Reproduce the listing in its entirety. Do not reproduce the pictures.

(DATASET SECTION begins)

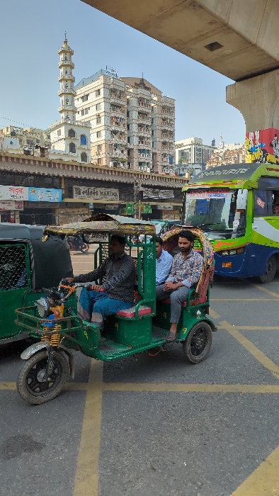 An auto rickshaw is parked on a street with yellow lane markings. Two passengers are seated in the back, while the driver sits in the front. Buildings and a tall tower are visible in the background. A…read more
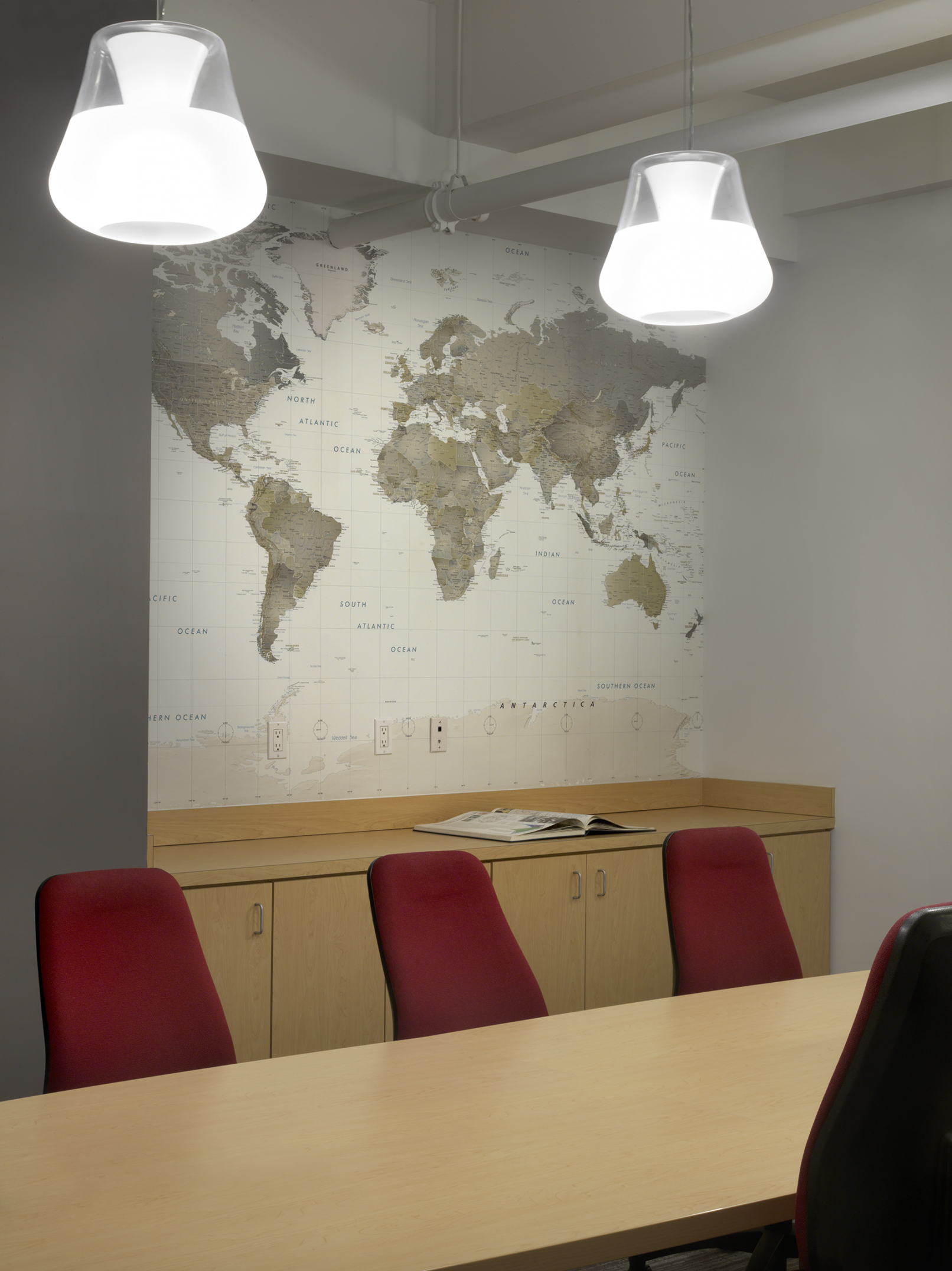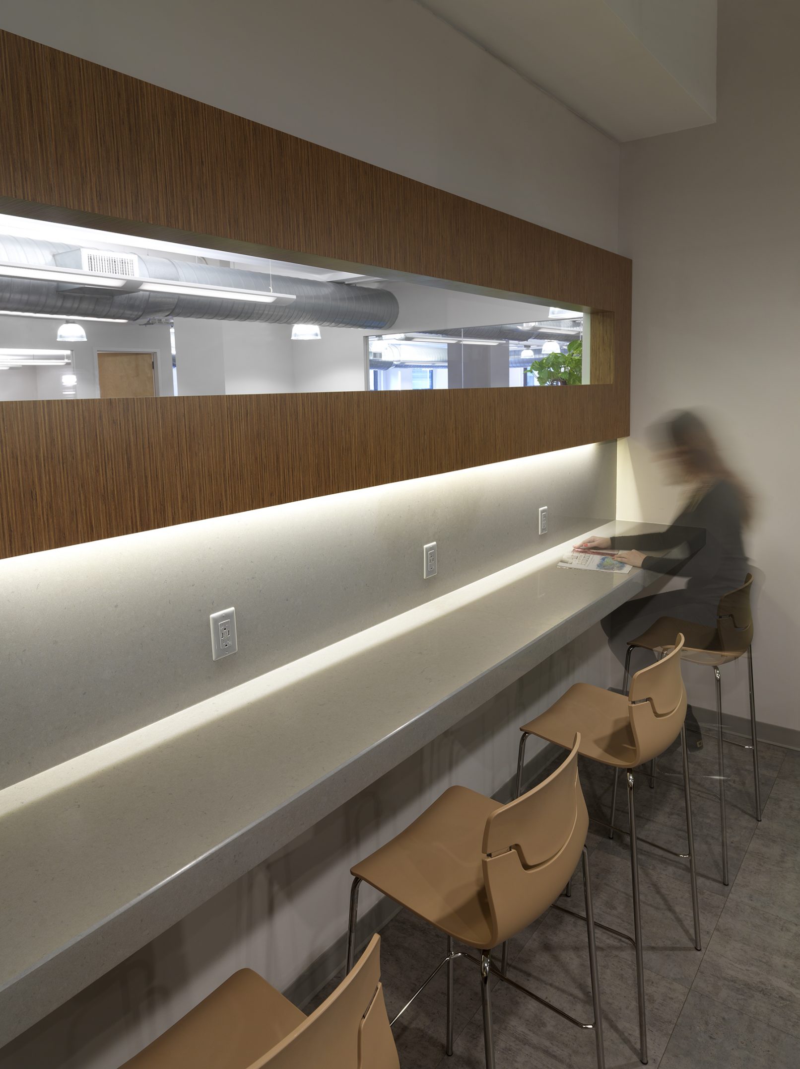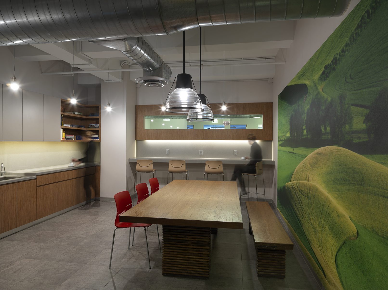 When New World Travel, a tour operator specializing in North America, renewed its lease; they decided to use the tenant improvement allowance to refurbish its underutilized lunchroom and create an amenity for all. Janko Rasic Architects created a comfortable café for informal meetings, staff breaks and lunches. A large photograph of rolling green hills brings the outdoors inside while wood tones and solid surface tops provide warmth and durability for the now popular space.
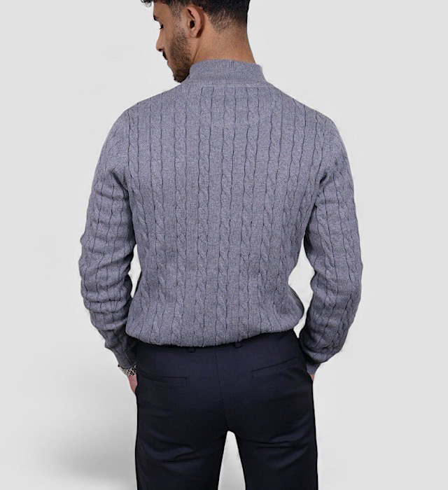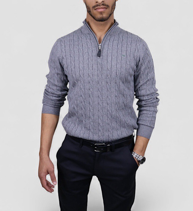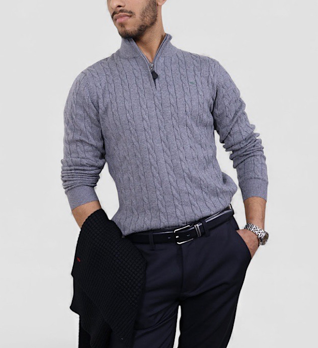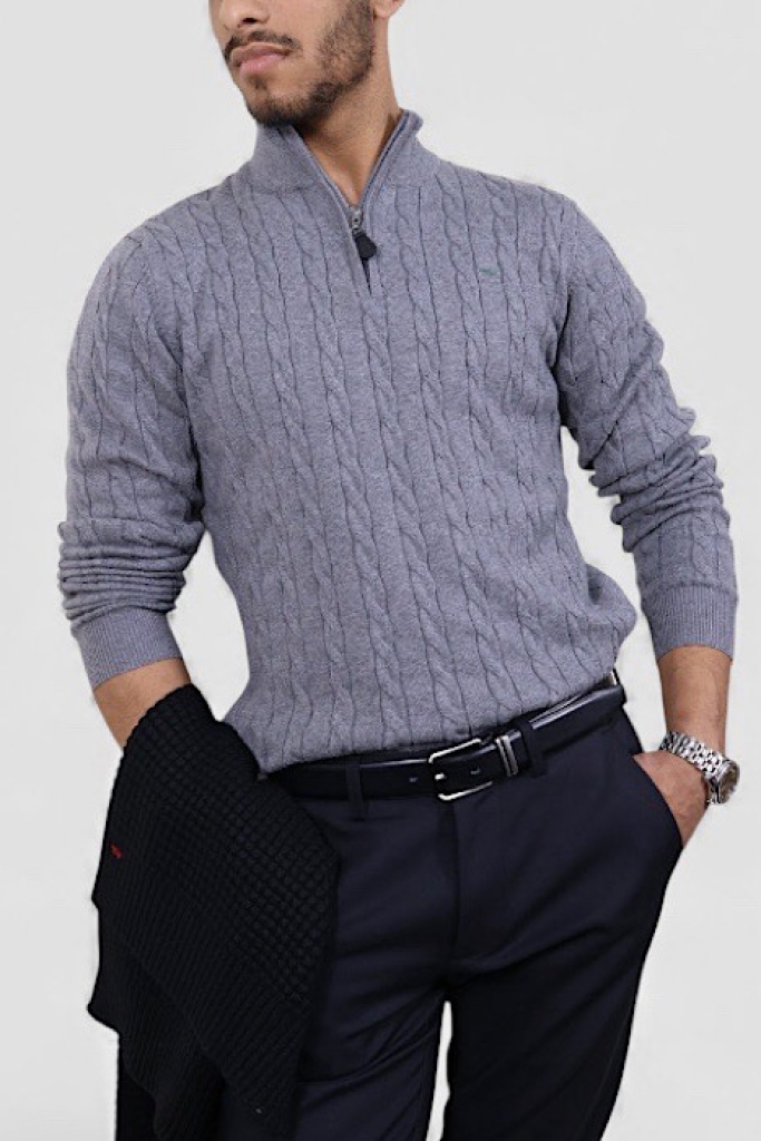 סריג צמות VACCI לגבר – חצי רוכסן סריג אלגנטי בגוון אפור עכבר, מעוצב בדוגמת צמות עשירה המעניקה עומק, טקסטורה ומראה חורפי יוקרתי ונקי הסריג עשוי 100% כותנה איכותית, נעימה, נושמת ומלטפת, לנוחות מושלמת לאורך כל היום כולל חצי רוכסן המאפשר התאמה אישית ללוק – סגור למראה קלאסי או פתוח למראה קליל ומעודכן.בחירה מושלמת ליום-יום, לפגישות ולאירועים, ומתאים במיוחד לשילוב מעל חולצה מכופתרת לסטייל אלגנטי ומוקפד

(DATASET SECTION ends)

▶ _SOLUTION TO THIS TASK_:
 An auto rickshaw is parked on a street with yellow lane markings. Two passengers are seated in the back, while the driver sits in the front. Buildings and a tall tower are visible in the background. A…read more
 When New World Travel, a tour operator specializing in North America, renewed its lease; they decided to use the tenant improvement allowance to refurbish its underutilized lunchroom and create an amenity for all. Janko Rasic Architects created a comfortable café for informal meetings, staff breaks and lunches. A large photograph of rolling green hills brings the outdoors inside while wood tones and solid surface tops provide warmth and durability for the now popular space.
 סריג צמות VACCI לגבר – חצי רוכסן סריג אלגנטי בגוון אפור עכבר, מעוצב בדוגמת צמות עשירה המעניקה עומק, טקסטורה ומראה חורפי יוקרתי ונקי הסריג עשוי 100% כותנה איכותית, נעימה, נושמת ומלטפת, לנוחות מושלמת לאורך כל היום כולל חצי רוכסן המאפשר התאמה אישית ללוק – סגור למראה קלאסי או פתוח למראה קליל ומעודכן.בחירה מושלמת ליום-יום, לפגישות ולאירועים, ומתאים במיוחד לשילוב מעל חולצה מכופתרת לסטייל אלגנטי ומוקפד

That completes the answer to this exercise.